Your goal
Take the line containing "When cap horse" and every line below it through the end of the entries, and output them verbatim, pictures excluded.

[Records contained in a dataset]
---

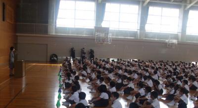 7月29日(水)の1限目に交通安全教室を実施しました。新型コロナウイルス感染防止の為、5月より延期になっていた教室です。規模を縮小して本日行うことができました。しかし、雨模様の為、3年生の自転車実技は中止となり体育館で輪島警察署交通課、朝市交番の皆様による講話と安全指導が行われました。3年生以外の学年は、警察からお借りした交通安全DVDを教室で視聴し、意見交換する等担任指導の下で交通安全について再確認をする予定です。3年生の聴く態度が大変立派でした!よく頑張りましたね3年生!素晴らしかったです。
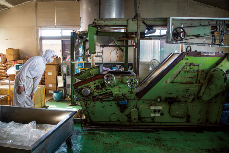 「製品の特徴に合わせて粉を選びますが、産地や品種によっては、小麦粉の性質が同じというわけにはいきません。自分たちでそれぞれの小麦粉の特徴を見極め、それに合わせて加える水の量や練り方を変え、砂糖や油脂の配合の比率を決めています」と、専務取締役の石崎竜太さん。国産の小麦粉を使うために、製造方法をさまざまに工夫している。
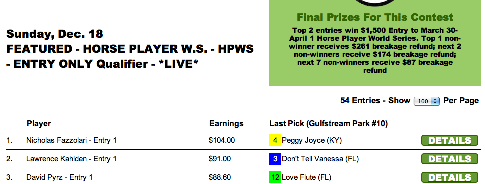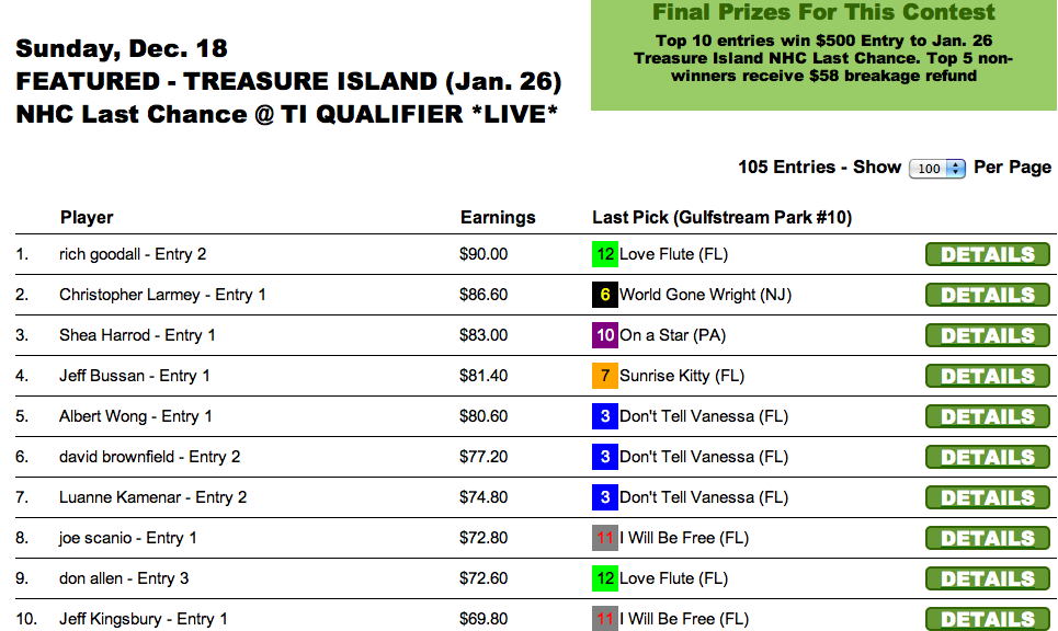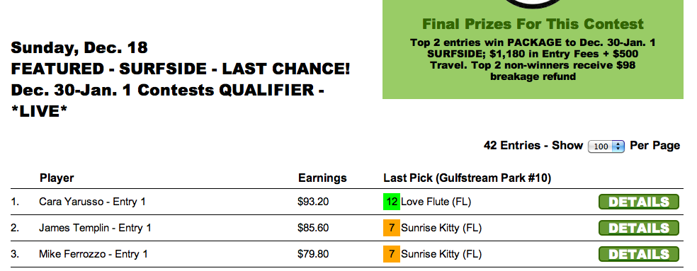 When cap horse Love Flute ($42.00 to win, $22.00 to place for tourney purposes) won Gulfstream’s 10th race, the final race of our abbreviated featured tourneys, it rocketed Cara Yarusso to the top of the heap in our Last Chance Surfside qualifier. Yarusso will be representing HorseTourneys there along with Jim Templin who managed to finish “in the money” despite not having Love Flute.
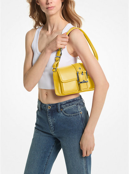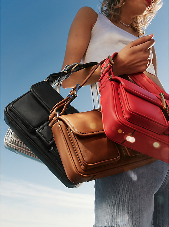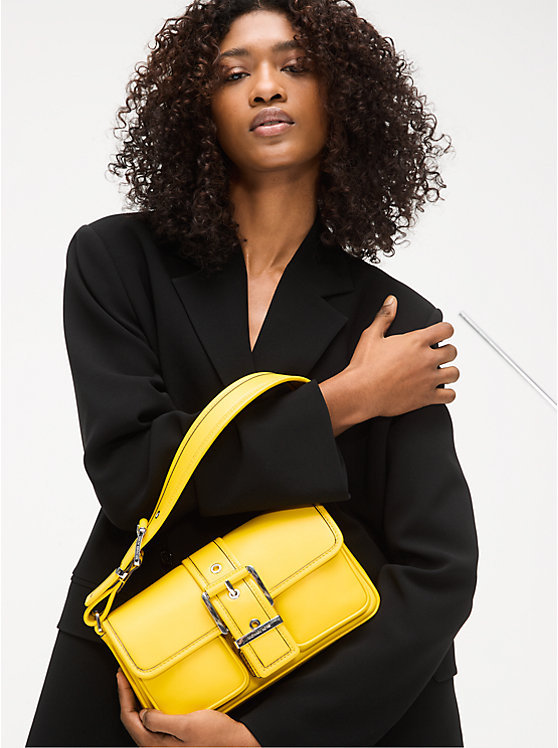 The modern-yet-classic Colby shoulder bag evokes a cool, New York-inspired sensibility. With its sleek rectangular silhouette and bold buckle accent, this chic style is crafted from supple leather and designed to rest seamlessly under your arm. Match your jewelry to the silver-tone hardware.
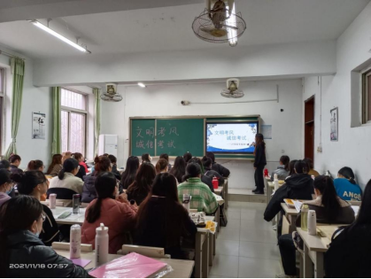 随着期末考试的临近,为端正考风考纪,加强学风建设,营造文明、诚信考试的良好氛围,提高同学们对考试的重视,太阳集团tyc539macau老员工自律委员会督察部特开展“文明考风,诚信考试”主题班会活动,本次活动2018、2019、2020、2021级(毕业班在内)各班积极参与。

---

Problem solution
 When cap horse Love Flute ($42.00 to win, $22.00 to place for tourney purposes) won Gulfstream’s 10th race, the final race of our abbreviated featured tourneys, it rocketed Cara Yarusso to the top of the heap in our Last Chance Surfside qualifier. Yarusso will be representing HorseTourneys there along with Jim Templin who managed to finish “in the money” despite not having Love Flute.
 The modern-yet-classic Colby shoulder bag evokes a cool, New York-inspired sensibility. With its sleek rectangular silhouette and bold buckle accent, this chic style is crafted from supple leather and designed to rest seamlessly under your arm. Match your jewelry to the silver-tone hardware.
 随着期末考试的临近,为端正考风考纪,加强学风建设,营造文明、诚信考试的良好氛围,提高同学们对考试的重视,太阳集团tyc539macau老员工自律委员会督察部特开展“文明考风,诚信考试”主题班会活动,本次活动2018、2019、2020、2021级(毕业班在内)各班积极参与。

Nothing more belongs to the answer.